Comparing these two passages, I count fifteen differences: (1) The first sentence in the magazine version is “Then I turn left – north – along the beach,” whereas the book version’s first sentence is “Then I turn left along the beach, northward”; (2) the magazine version says “stride easily”; the book version says “stride along”; (3) the magazine version has a comma after “beach”; the book version doesn’t; (4) the magazine version says “comfortable walking”; the book version says “easy walking”; (5) the magazine version has a comma after “porches”; the book version doesn’t; (6) the magazine version says, “At the water’s edge, I pass”; the book version says, “I pass at the water’s edge”; (7) The magazine version has a period after “Nags Head Fishing Pier”; the book version has a dash; (8) the word after “wobbly-kneed” in the magazine version is “yet”; in the book version, it’s “though’; (9) the magazine version has a semi-colon after “angling from it”; the magazine version has a period; (10) “the” before “landward” in the magazine becomes “its” in the book; (11) “it has a bar” in the magazine” becomes “the pier has a bar” in the book; (12) the magazine says “a luncheonette”; the book just says “luncheonette”; (13) the magazine says “a fishing-tackle store”; the book just says “fishing-tackle store”; (14) in the magazine, there’s semi-colon after “driftwood”; in the book, there’s a comma; (15) in the magazine, there’s a semi-colon after “end”; in the book there’s a comma.

These differences – most of them minor syntactical adjustments – show the numerous decisions Bailey faced in structuring his piece. They are typical of the differences that exist between the two texts in almost every paragraph. It’s difficult to say which version is better. Looking at the two versions of the “beach walk” passage, I like that “left – north” in the first sentence of The New Yorker version; it’s a subtle touch, signaling that we’re in the presence of a walker for whom direction is important, so much so that when he says “left,” he immediately wants to be more precise, and so quickly adds “north” in the same breath. Also, I find The New Yorker version’s “At the water’s edge, I pass a child” smoother than the book’s “I pass at the water’s edge a child.” But I question The New Yorker’s use of semi-colons to separate the driftwood, black egg cases of skate, shells, and plastic fork(s) in the last sentence. The book uses commas to mark the separation, and even though there are two additional commas within “the driftwood, black egg cases of skate, shells, and plastic fork(s),” the sentence still makes sense and flows much better than it does when it’s riddled with semi-colons. I also prefer the book’s use of a dash after “Nags Head Fishing Pier” that immediately ushers in the vivid adjectives “battered-looking, spindly-legged, and wobbly-kneed.” In the magazine piece, the use of a period, instead of a dash, delays the occurrence of these adjectives until after the start of the new sentence.

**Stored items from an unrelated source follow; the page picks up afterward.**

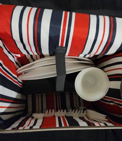 Green Picnic Tote Closed With Utensils. Plenty of room for food & wine. Includes shoulder strap for ease of carrying. 14 pieces of utensils that include 4 plates, 4 knives, 4 forks and 2 spoons. Measures 12” W X 14” H.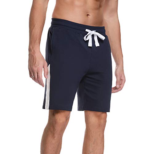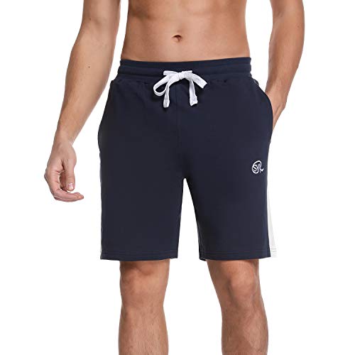 Sykooria Shorts Deportivos para Hombre 100% Algodón Ligero Transpirable Corto con Rayas Blancas Pantalones de Pijama Pantalones Cortos de Secado Rápido para Baloncesto Jogging, Gimnasio y Compras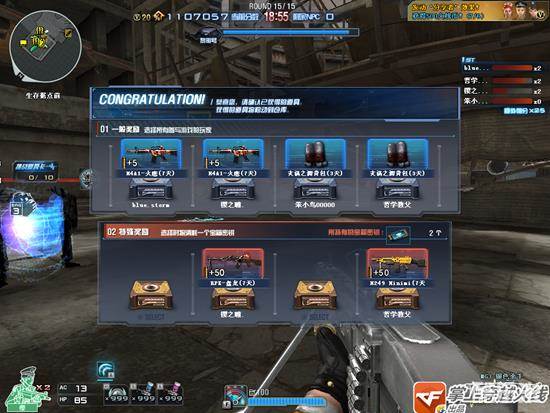 虽然通关很难,但通关奖励绝对值得你付出,图中下面的金色宝箱中可花费300CF点买把钥匙,有几率能开出7天或30天的盘龙,虽然现在六盘很普遍,但在2015年初时绝对很珍贵了。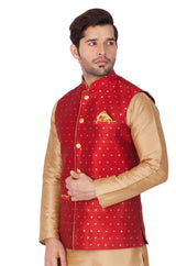 Vastramay brings to you this Stylish yet Comfortable Men Bright Maroon Men Woven Jari Jaquard Blended Cotton Modi Jacket. Adorn it for a perfect Classy and Trendy look. Pair it with a juti or a mojari for the Royal look.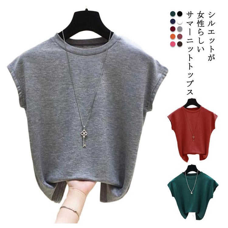 ノースリーブ ニットTシャツ レディース サマーニット トップス プルーオーバー フレンチスリーブ 無地 薄手 クルーネック S M L XL 2XL 3XL 4XL 5XL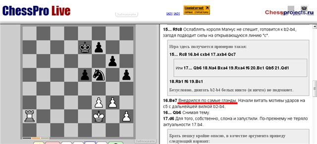 Магнус, Вас что, Каспаров учил на 16 ходу пускать слона на седьиую горизонталь и пешку на д6?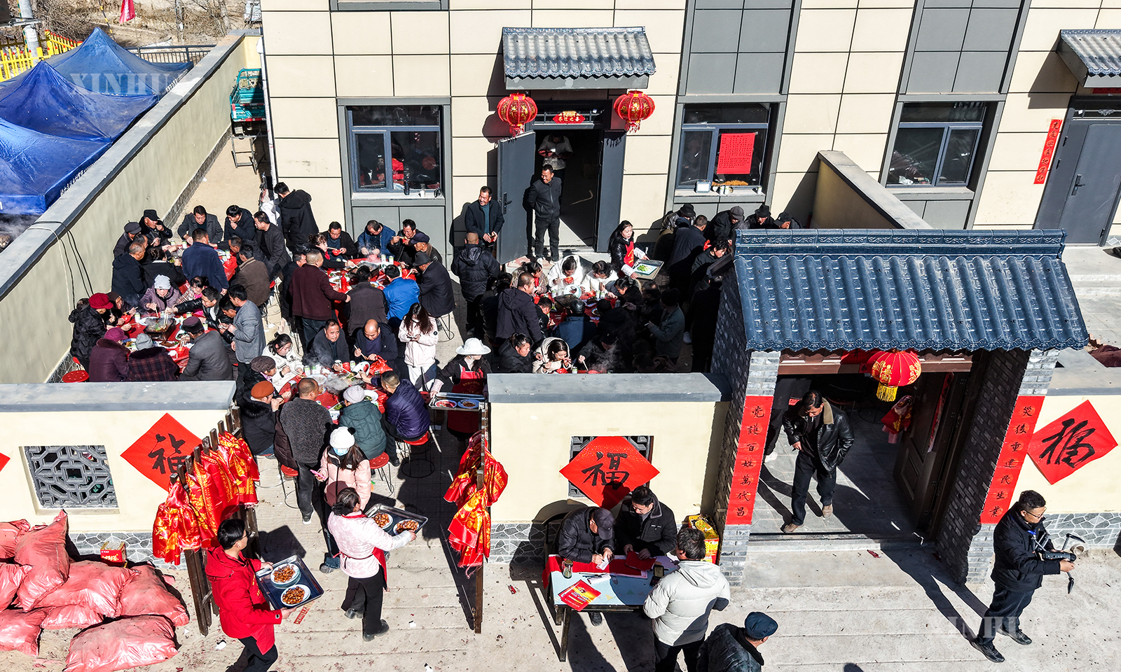 图说2:12月29日,村民在榆中县马坡乡马莲滩村集中安置点的新家里举办乔迁宴(无人机照片)。新华社记者 郎兵兵 摄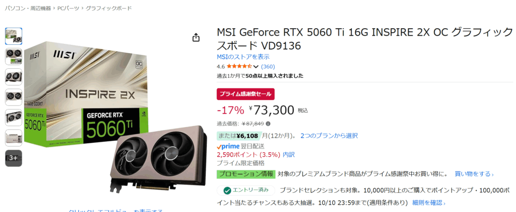 ミドルレンジモデルのGeForce RTX 5060 Tiの中で、16GBのVRAMを搭載する製品もセール対象です。MSI GeForce RTX 5060 Ti 16G INSPIRE 2X OCが73,300円で販売されています。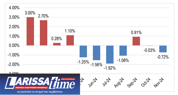 Η μεταβολή του Νοεμβρίου οφείλεται στις μειώσεις τόσο κατηγοριών μη τροφίμων, όσο και κατηγοριών τροφίμων, με μόνο πολύ συγκεκριμένες κατηγορίες να παρουσιάζουν αύξηση λόγω συγκυριακών συνθηκών, όπως κατηγορίες που σχετίζονται με το κακάο και τον καφέ και συγκεκριμένα νωπά είδη λόγω των κλιματικών συνθηκών.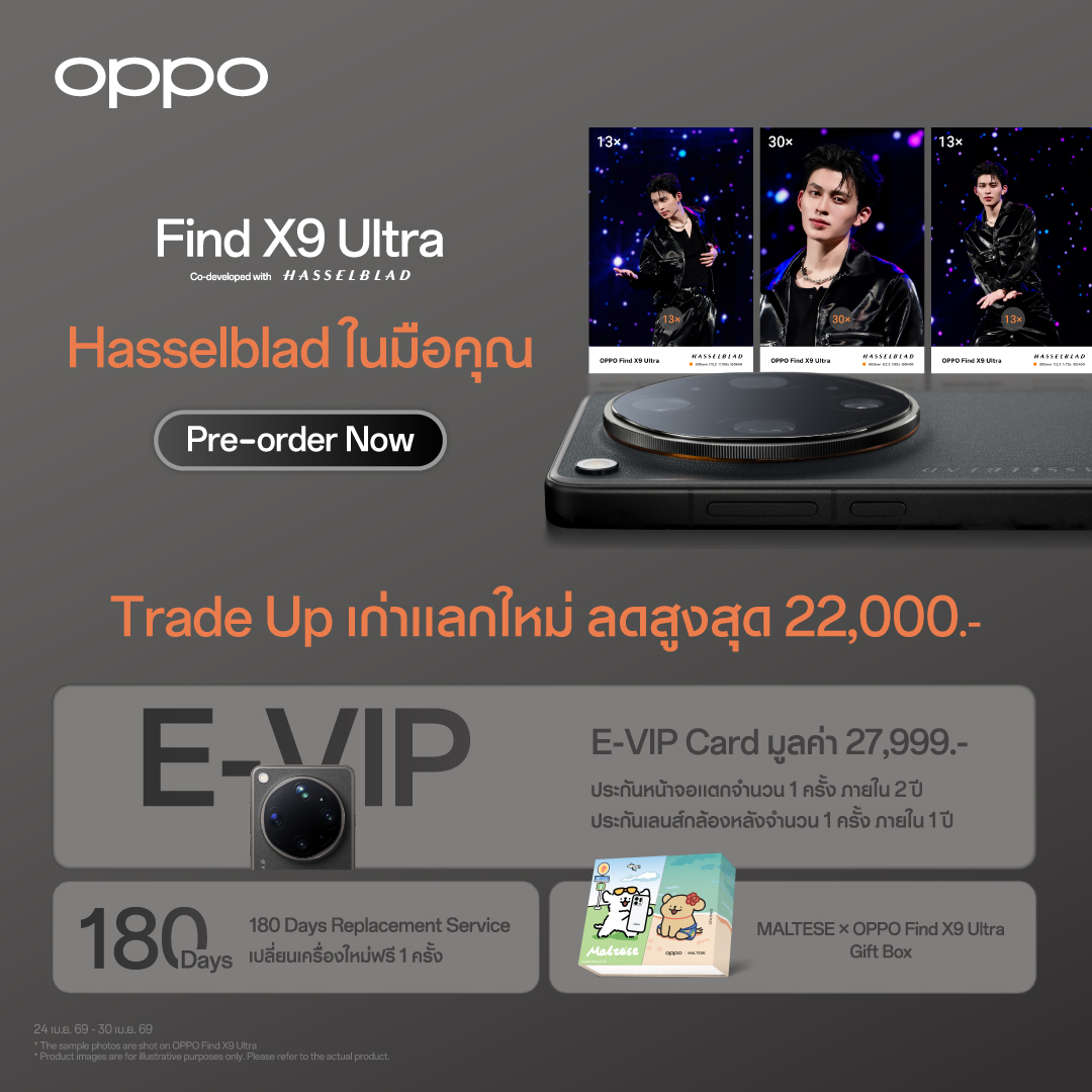 กรุงเทพฯ, 23 เมษายน 2569 : ออปโป้ ไทยแลนด์ ผู้นำตลาดสมาร์ตโฟนปี 2569 เปิดตัว “OPPO Find X9 Ultra” สมาร์ตโฟนแฟลกชิปรุ่นใหม่กับกล้องระดับอัลตราที่แท้จริง มุ่งขยายส่วนแบ่งการตลาดในกลุ่มผู้บริโภคระดับบนผ่านนวัตกรรมที่ตอบโจทย์สายครีเอเตอร์ ไม่ว่าจะเป็นสายคอนเสิร์ต และสายท่องเที่ยว ชูไฮไลต์ OPPO Find X9 Ultra ด้วยกล้อง Hasselblad 50MP เทเลโฟโต้ ซูมออปติคอล 10 เท่า

Both versions are great – full of open-air immediacy, fresh and vibrant as Winslow Homer watercolors. I think the New Yorker changes reflect its Strunkian approach to style, particularly Strunk’s well-known injunction, “Omit needless words!” My favorite sentence in The Outer Banks is the simple, but thrilling, “Saturday morning, and I drive northward up the Banks.” It’s the beginning of an excursion, and I’m happy to be along. But what about that "and”? I don't consider it needless, but I'll bet William Strunk would. I check The New Yorker version. Sure enough, Strunk has struck again; “and” is omitted; "northward" is trimmed to "north." The sentence - “Saturday morning, I drive north up the Banks” - is cleaner, but somehow less buoyant and carefree.